Time to address concussion in sport


The deaths of two young rugby players just a few days apart will bring into crystal clear focus the very high risk in certain types of sport of concussion. For the first time players and media commentators seem to be starting to accept that it is time to stop beating about the bush, and accept that the cons of a head knock during a match far out weigh the pros. But even as the evidence and concern has continued to to grow that there is a crisis, in that the sporting bodies, the administrators are trying to depict more immediate problems in the form of meeting corporate priorities, least that they suddenly find themselves suffering a knock of another sort.

Rugby and rugby league have always been high risk collision sports where physical human contact is integral to the game. Both have rules about how to deal with high and poorly executed tackles where the head part of the spinal system may suffer concussive type knocks.

Contrast with the National Football League in the United States where dollars seem to be more important than the well being of players in the long term. The pressure to get players that can change a match to go back on the field when they are still suffering symptoms has been the subject of numerous documentaries and a movie. Coaching a football team of young men who have a macho attitude is considered to be a major honour without really thinking about how these people will fair when they retire continues to challenge American sporting authorities. It also challenges the medical practitioners, the families who have to watch their loved ones deal with the effects of brain damage or damage to the spinal cord caused by a heavy knock or knocks. It affects their potential job prospects because the damage might mean that the brain tires more quickly or is not able to deal with complex matters as easily as a healthy brain not subject to such issues might.

But whilst New Zealand might seem to be making progress when rugby and league are compared to the N.F.L. competition there is no doubt that we have some way to go in addressing the issues they present.

In fact it is long since time to take this to the next level and institute a concussion programme for anyone playing sport where there is the potential for concussion.
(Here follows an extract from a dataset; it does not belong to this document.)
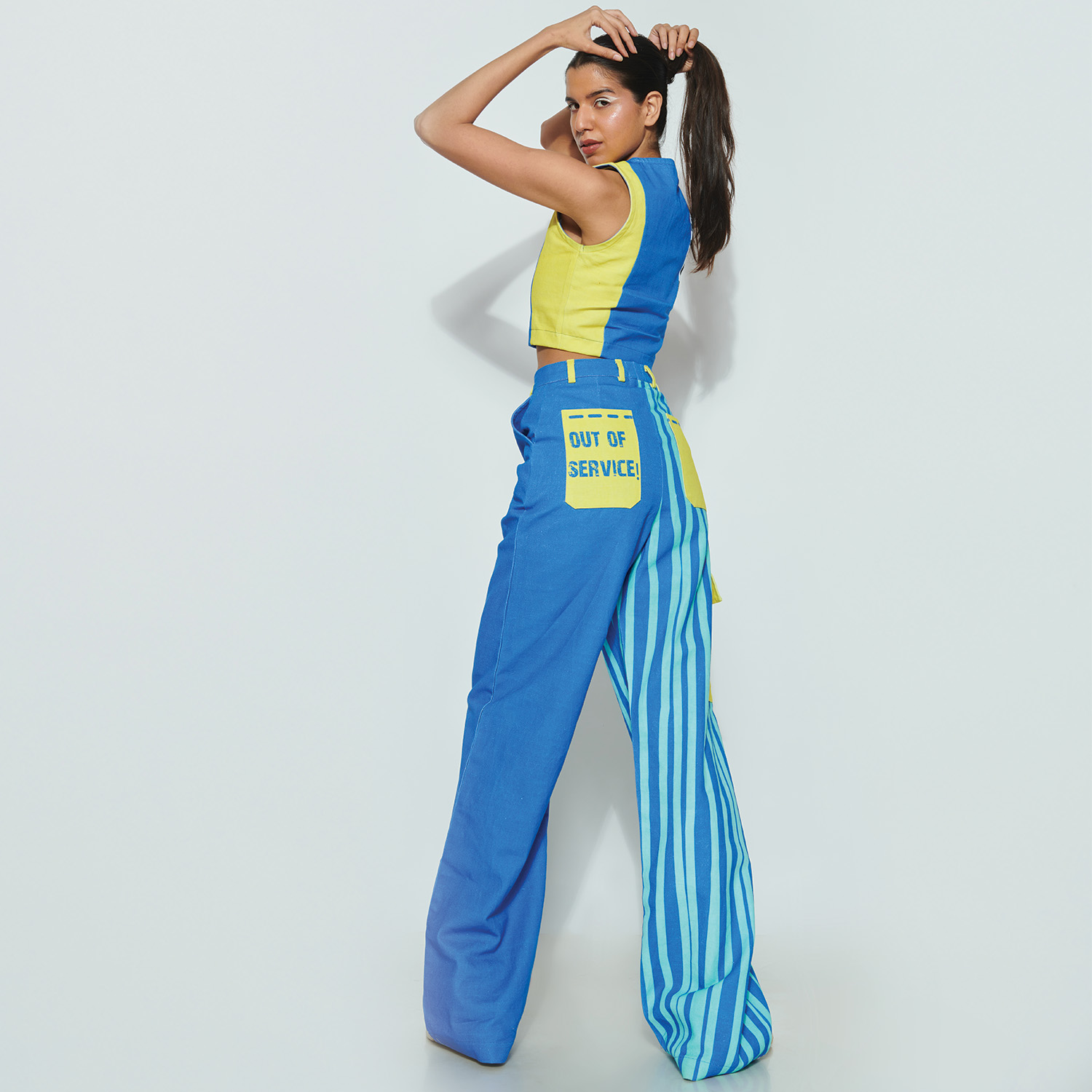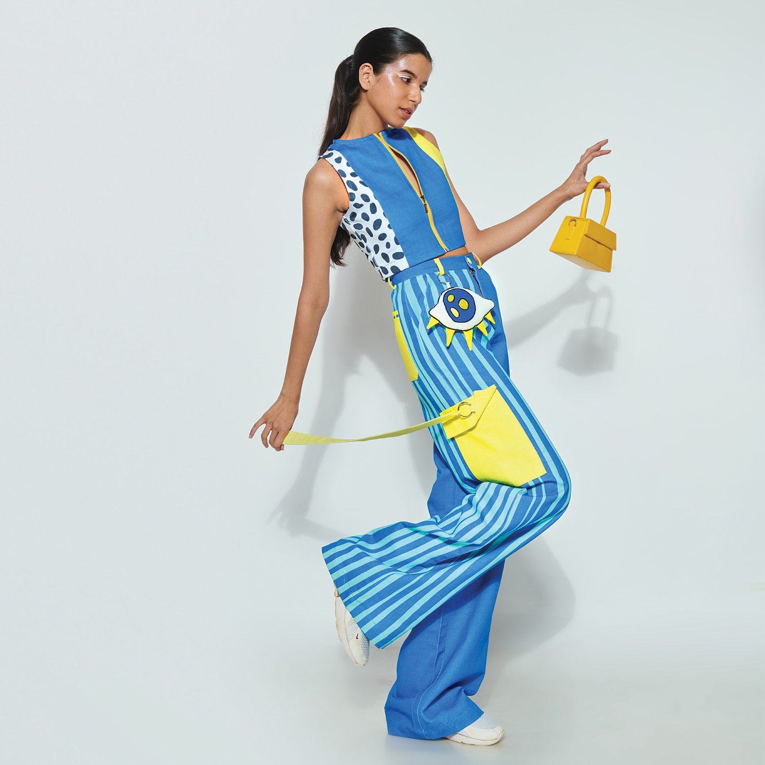 ₹ 8,199 (10% off)These pants are high-waisted with a straight, wide-leg design and side pockets. They offer a relaxed fit, detachable lanyard, and puff eye accessory for added style. These pants feature digitally printed artwork in a multicolored pattern on white denim. Style them with statement earrings and heels for a dressy day event.

Netball, rugby, cricket – all need to come on board. Who can forget the Australian batsman who fell down dead after being struck by a bouncer a couple of years ago? Horrific, totally unintentional yet, thanks to the design of the helmet an act that would have been lethal quite quickly Phil Hughes suffered what would have become very severe bleeding of one of the most important arteries in his body, which would have put quick and massive pressure on his brain.

What about net ballers misjudging a high intercept and occasionally colliding mid air? It has probably happened. I cannot recall any major incidents where anyone went off with concussion, but certainly watching their charges in playing, team coaches and physicians have probably wondered

Of course we should enjoy our sport and the more people who get involved the better for everyone well. The more who enjoy a good netball or rugby match, or whatever – all the better – but lets try to keep the injury toll down. I do not think after all there is a single person who would argue that two deaths from concussion related issues is two too many.